Optional test configurations:
- -DENABLE_ASAN=ON - Enable AddressSanitizer and UndefinedBehaviorSanitizer
- -DENABLE_TSAN=ON - Enable ThreadSanitizer

Run specific tests:

cd build && ctest -R test_name_pattern --output-on-failure

Project Structure Overview¶

The core of Lahuta consists of these modules (see under core/src/):

analysis - Structural analysis routines including contact analysis, system-level properties, and topology perception.
bonds - Bond perception algorithms, bond order assignment, and connectivity validation.
chemistry - Chemical property calculations (formal charges, hydrophobicity, atom typing routines).
compute - Computation abstraction with dependency management, pipeline execution, and result caching.
contacts - Contact detection implementations from multiple methods (Arpeggio, MolStar, GetContacts).
db - Database interface for fast storage and retrieval of structural data and zero-copy reads.
distances - Distance calculations, neighbor search algorithms, and pairwise distance matrices.
entities - Core entity representations (atoms, residues, contacts) and their associated views and iterators.
entities/search - Entity query and retrieval with hit buffering.
md - Molecular dynamics trajectory parsing (XTC, GRO formats) and frame-by-frame analysis support.
models - Optimized system-level properties and topology perception for AI (currently AF2) models.
pipeline - High-level pipeline framework for processing, parallel execution, backpressure system, and progress tracking.
selections - Expressive selection language for querying atoms, residues, and substructures based on geometric, chemical, or topological criteria (WIP)
serialization - Data serialization and deserialization.
sinks - Data output handlers that write pipeline results to files, databases, or memory.
spatial - Spatial indexing structures (cell lists, KD-trees) for scalable neighbor queries and contact searches.
topology - Topology construction engine.

The project also includes:

cli/ - Command-line interface tools for structure analysis and database creation.
interop/python - Python integration
core/tests/ - Comprehensive C++ test suite using Google Test framework.
core/examples/ - Example programs demonstrating C++ core library usage.

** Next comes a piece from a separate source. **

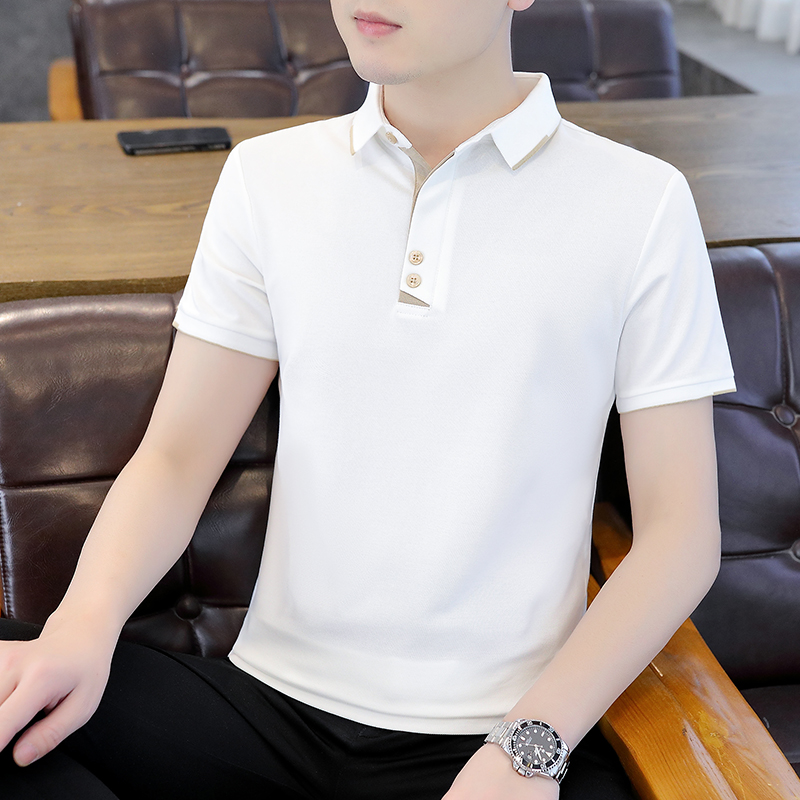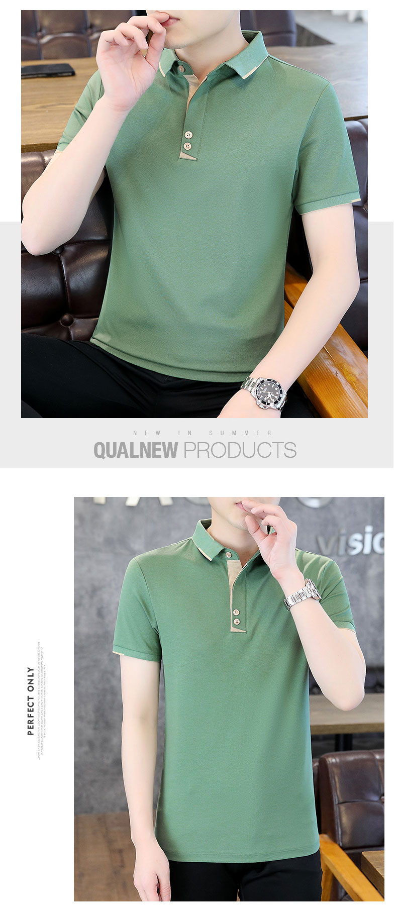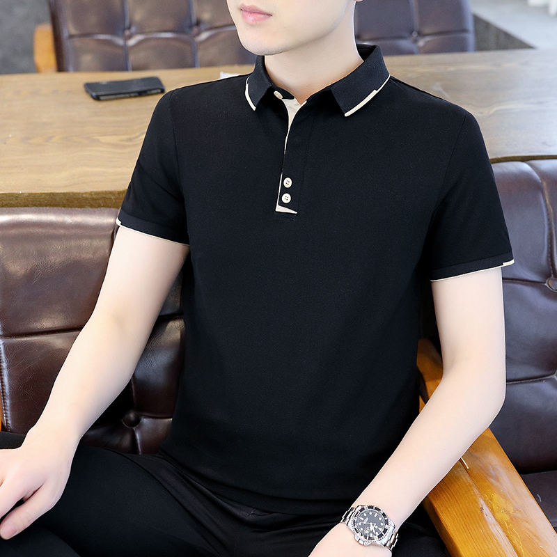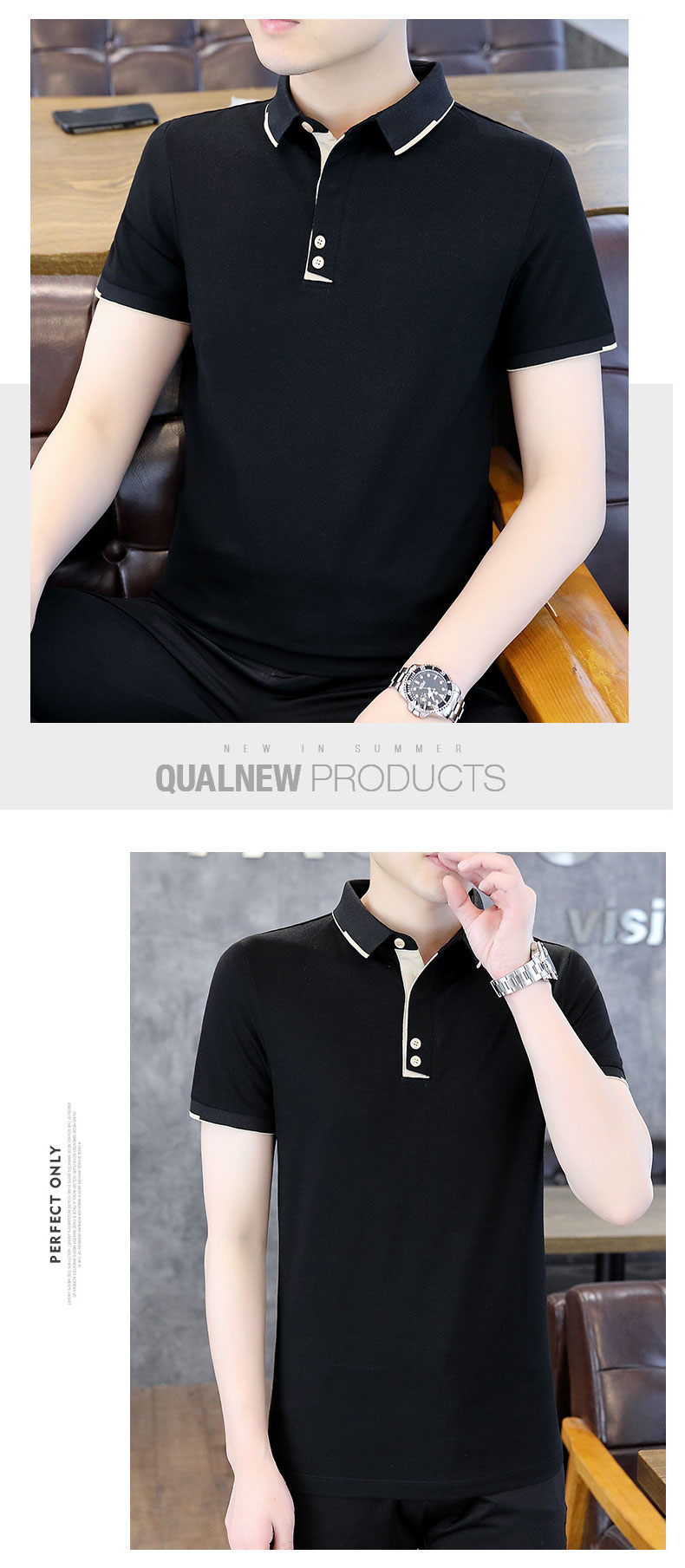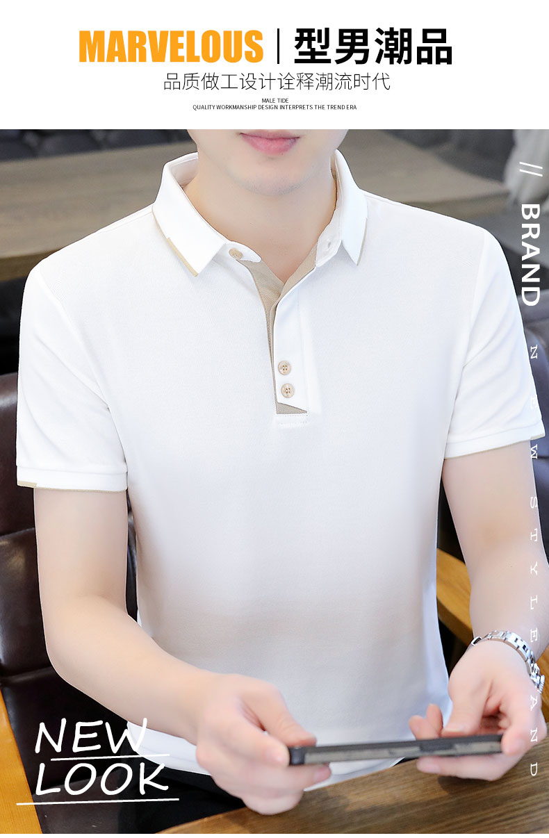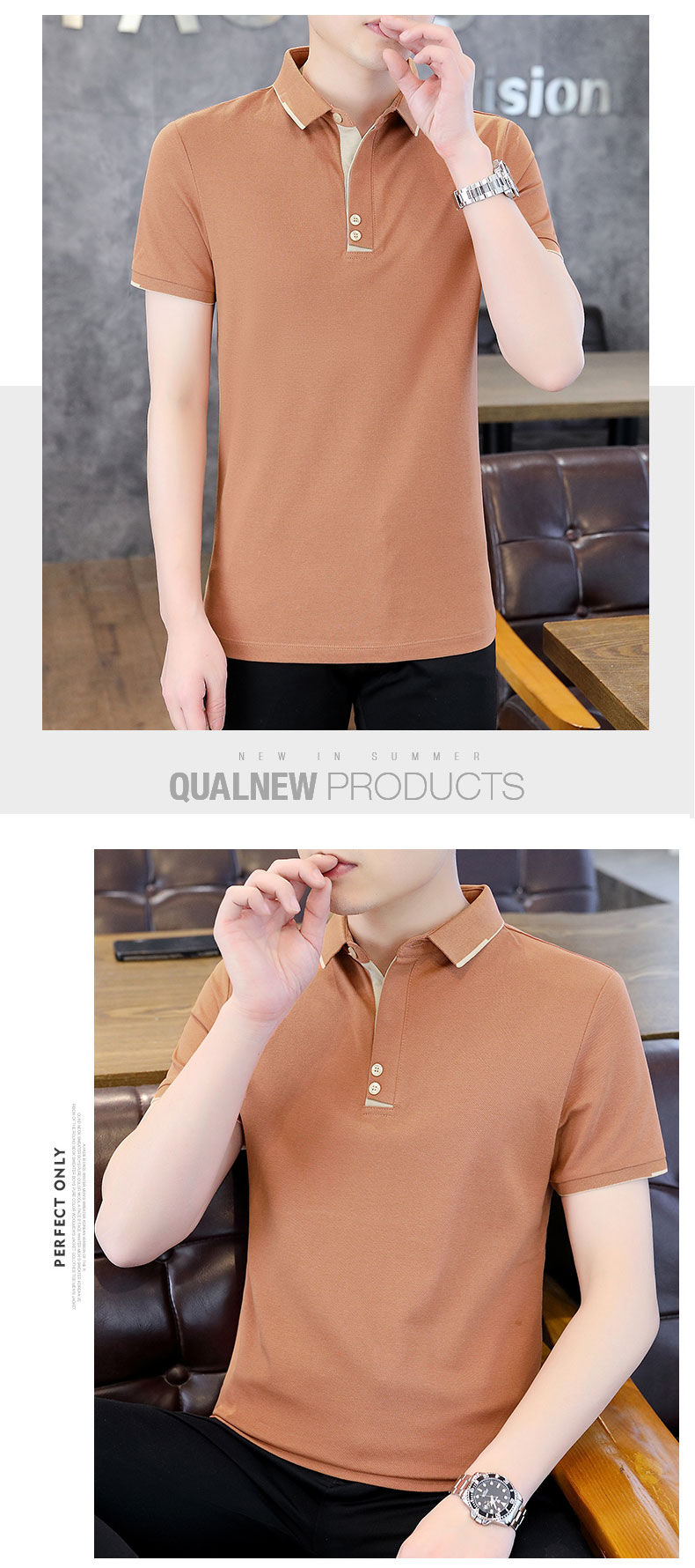 翻領純棉半袖polo衫男士休閒上衣簡約風短袖有領帶領T恤男裝夏季T

Python integration structure: - interop/python/src/ - Python bindings implementation (pybind11) with deep (often zero-copy) NumPy integration. - interop/python/lahuta/ - Python package providing high-level APIs, utilities, and type-safe interfaces to core functionality. - interop/python/examples/ - Example scripts demonstrating Python API usage. - interop/python/tests/ - Python test suite (pytest) covering all public APIs and integration scenarios. - interop/python/benchmarks/ - Performance benchmarks comparing Lahuta against other tools.

Documentation¶

See interop/python/examples and interop/python/tests for Python usage examples.

Reporting Issues¶

Report issues in the issues section.

Contributing¶

Contributions are welcome. See CONTRIBUTING.md for guidelines.

Acknowledgments¶

Lahuta includes implementations inspired by and validated against the following projects:

DSSP: Secondary structure assignment follows the algorithm described by Kabsch & Sander and implemented in PDB-REDO/dssp (BSD-2-Clause License).
SASA: Solvent accessible surface area calculation uses the Shrake-Rupley algorithm, with reference to FreeSASA (MIT License) and RustSASA (MIT License) for validation and optimization strategies.

See THIRD-PARTY-NOTICES.md for full attribution details.